Content starts
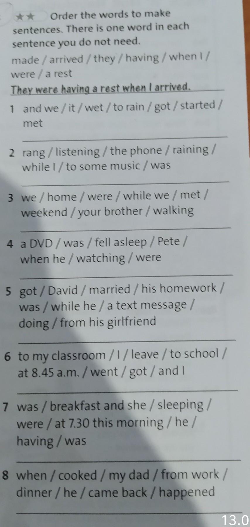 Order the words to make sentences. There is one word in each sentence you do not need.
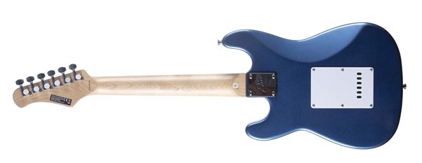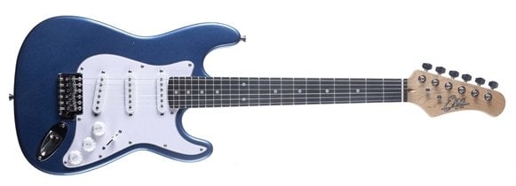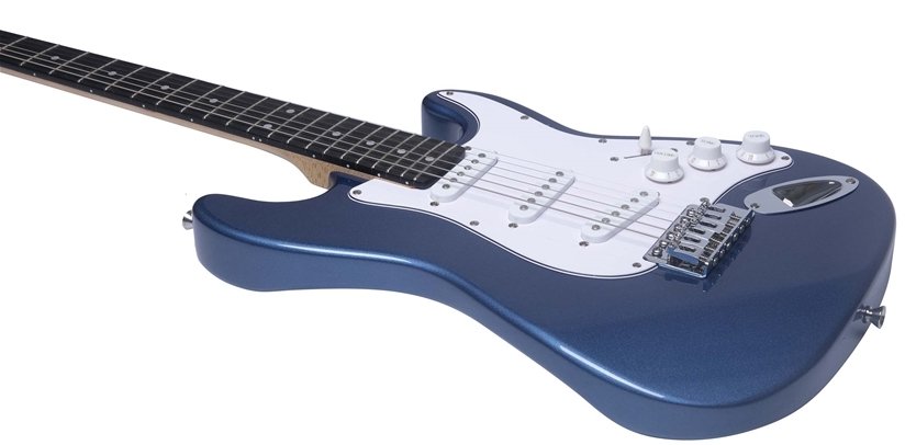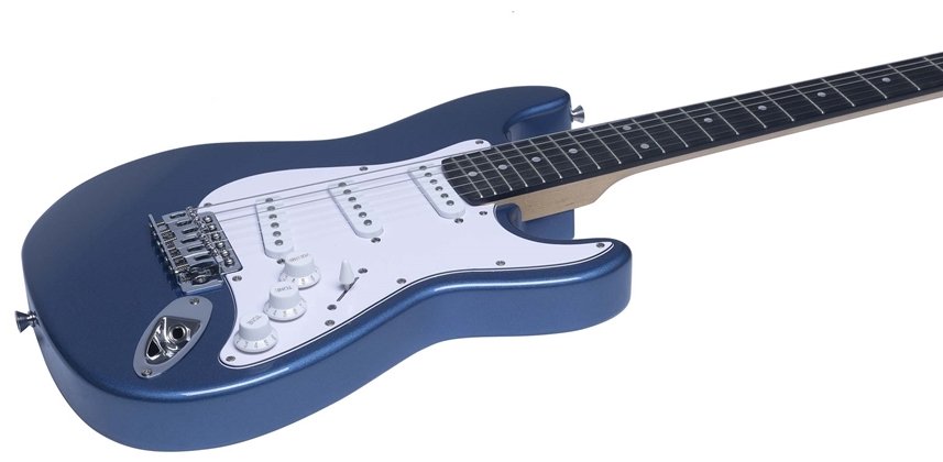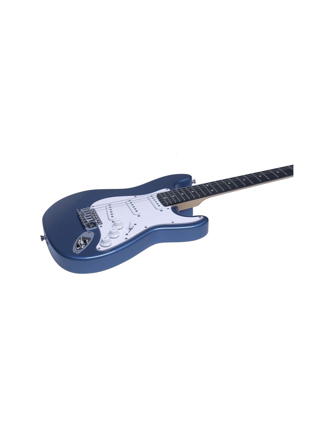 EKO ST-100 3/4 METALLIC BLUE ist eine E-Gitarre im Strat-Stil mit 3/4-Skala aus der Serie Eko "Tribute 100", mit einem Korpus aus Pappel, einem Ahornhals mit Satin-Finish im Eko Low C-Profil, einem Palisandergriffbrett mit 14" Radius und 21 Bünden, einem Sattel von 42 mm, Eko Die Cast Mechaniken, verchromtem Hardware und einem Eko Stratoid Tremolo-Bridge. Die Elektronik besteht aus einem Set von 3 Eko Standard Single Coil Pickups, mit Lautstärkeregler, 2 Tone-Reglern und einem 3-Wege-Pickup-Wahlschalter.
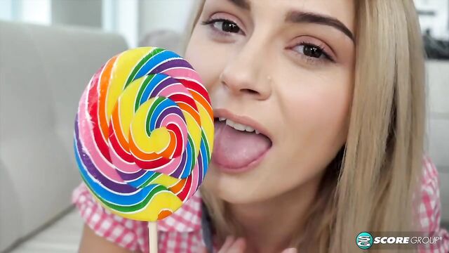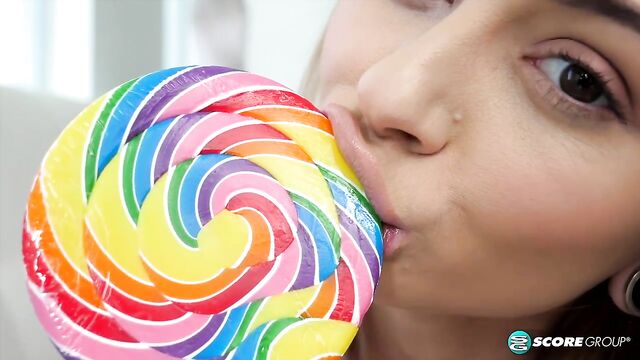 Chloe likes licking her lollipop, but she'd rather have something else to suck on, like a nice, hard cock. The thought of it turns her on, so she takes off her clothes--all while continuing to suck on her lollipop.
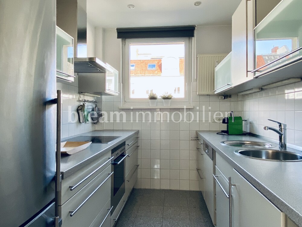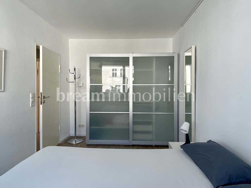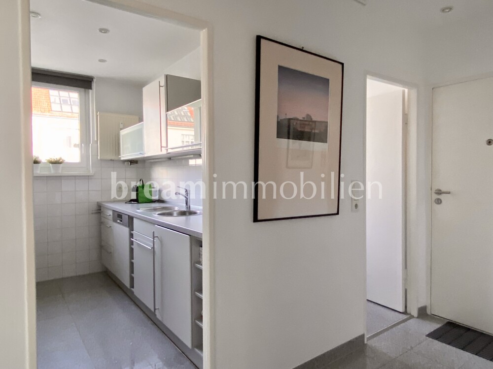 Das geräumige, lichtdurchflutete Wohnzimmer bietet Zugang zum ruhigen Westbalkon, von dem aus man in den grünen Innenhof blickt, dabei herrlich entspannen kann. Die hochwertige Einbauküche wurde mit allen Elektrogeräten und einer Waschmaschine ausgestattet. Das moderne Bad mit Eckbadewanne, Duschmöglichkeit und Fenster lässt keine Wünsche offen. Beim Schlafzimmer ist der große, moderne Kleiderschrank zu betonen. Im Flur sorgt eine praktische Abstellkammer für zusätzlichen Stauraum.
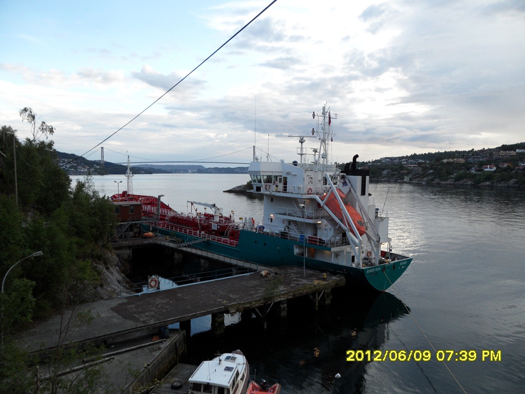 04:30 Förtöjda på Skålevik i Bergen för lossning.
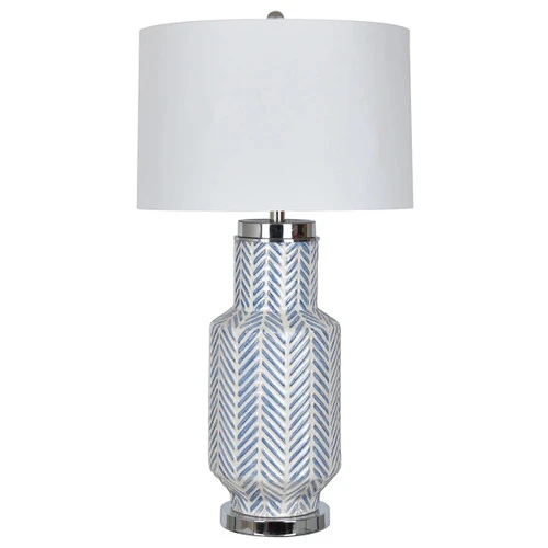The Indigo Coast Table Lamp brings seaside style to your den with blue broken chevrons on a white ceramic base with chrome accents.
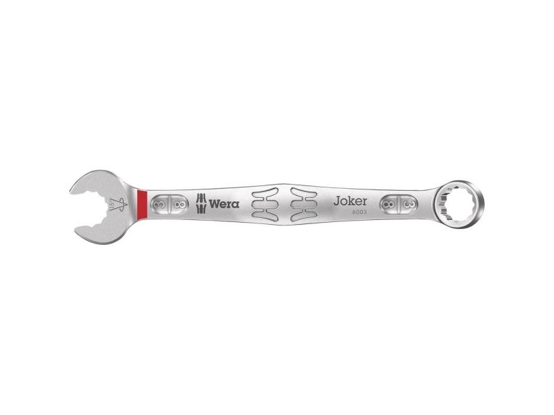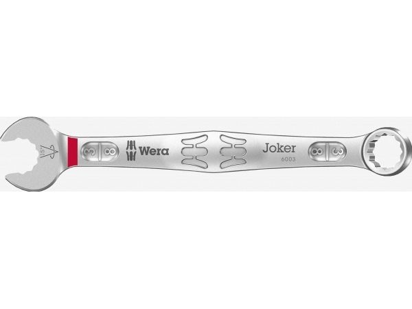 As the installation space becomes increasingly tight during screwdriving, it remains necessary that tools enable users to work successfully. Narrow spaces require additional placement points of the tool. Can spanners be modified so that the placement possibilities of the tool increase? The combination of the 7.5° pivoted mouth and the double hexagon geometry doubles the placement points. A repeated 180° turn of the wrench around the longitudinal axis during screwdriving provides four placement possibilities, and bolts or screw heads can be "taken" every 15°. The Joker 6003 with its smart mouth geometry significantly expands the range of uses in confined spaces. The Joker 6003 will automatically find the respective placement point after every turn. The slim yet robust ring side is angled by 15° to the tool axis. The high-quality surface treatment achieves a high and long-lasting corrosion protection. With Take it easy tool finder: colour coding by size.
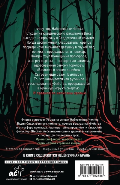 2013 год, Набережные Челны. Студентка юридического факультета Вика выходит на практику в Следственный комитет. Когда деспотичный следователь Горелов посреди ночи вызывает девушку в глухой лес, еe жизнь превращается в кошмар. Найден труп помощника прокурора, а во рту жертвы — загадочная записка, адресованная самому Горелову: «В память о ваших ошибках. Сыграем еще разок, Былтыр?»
Content ends
(YOUR ASSIGNMENT):
Set down the entries above again exactly, minus any image.

(FINISHED EXERCISE):
 Order the words to make sentences. There is one word in each sentence you do not need.
 EKO ST-100 3/4 METALLIC BLUE ist eine E-Gitarre im Strat-Stil mit 3/4-Skala aus der Serie Eko "Tribute 100", mit einem Korpus aus Pappel, einem Ahornhals mit Satin-Finish im Eko Low C-Profil, einem Palisandergriffbrett mit 14" Radius und 21 Bünden, einem Sattel von 42 mm, Eko Die Cast Mechaniken, verchromtem Hardware und einem Eko Stratoid Tremolo-Bridge. Die Elektronik besteht aus einem Set von 3 Eko Standard Single Coil Pickups, mit Lautstärkeregler, 2 Tone-Reglern und einem 3-Wege-Pickup-Wahlschalter.
 Chloe likes licking her lollipop, but she'd rather have something else to suck on, like a nice, hard cock. The thought of it turns her on, so she takes off her clothes--all while continuing to suck on her lollipop.
 Das geräumige, lichtdurchflutete Wohnzimmer bietet Zugang zum ruhigen Westbalkon, von dem aus man in den grünen Innenhof blickt, dabei herrlich entspannen kann. Die hochwertige Einbauküche wurde mit allen Elektrogeräten und einer Waschmaschine ausgestattet. Das moderne Bad mit Eckbadewanne, Duschmöglichkeit und Fenster lässt keine Wünsche offen. Beim Schlafzimmer ist der große, moderne Kleiderschrank zu betonen. Im Flur sorgt eine praktische Abstellkammer für zusätzlichen Stauraum.
 04:30 Förtöjda på Skålevik i Bergen för lossning.
The Indigo Coast Table Lamp brings seaside style to your den with blue broken chevrons on a white ceramic base with chrome accents.
 As the installation space becomes increasingly tight during screwdriving, it remains necessary that tools enable users to work successfully. Narrow spaces require additional placement points of the tool. Can spanners be modified so that the placement possibilities of the tool increase? The combination of the 7.5° pivoted mouth and the double hexagon geometry doubles the placement points. A repeated 180° turn of the wrench around the longitudinal axis during screwdriving provides four placement possibilities, and bolts or screw heads can be "taken" every 15°. The Joker 6003 with its smart mouth geometry significantly expands the range of uses in confined spaces. The Joker 6003 will automatically find the respective placement point after every turn. The slim yet robust ring side is angled by 15° to the tool axis. The high-quality surface treatment achieves a high and long-lasting corrosion protection. With Take it easy tool finder: colour coding by size.
 2013 год, Набережные Челны. Студентка юридического факультета Вика выходит на практику в Следственный комитет. Когда деспотичный следователь Горелов посреди ночи вызывает девушку в глухой лес, еe жизнь превращается в кошмар. Найден труп помощника прокурора, а во рту жертвы — загадочная записка, адресованная самому Горелову: «В память о ваших ошибках. Сыграем еще разок, Былтыр?»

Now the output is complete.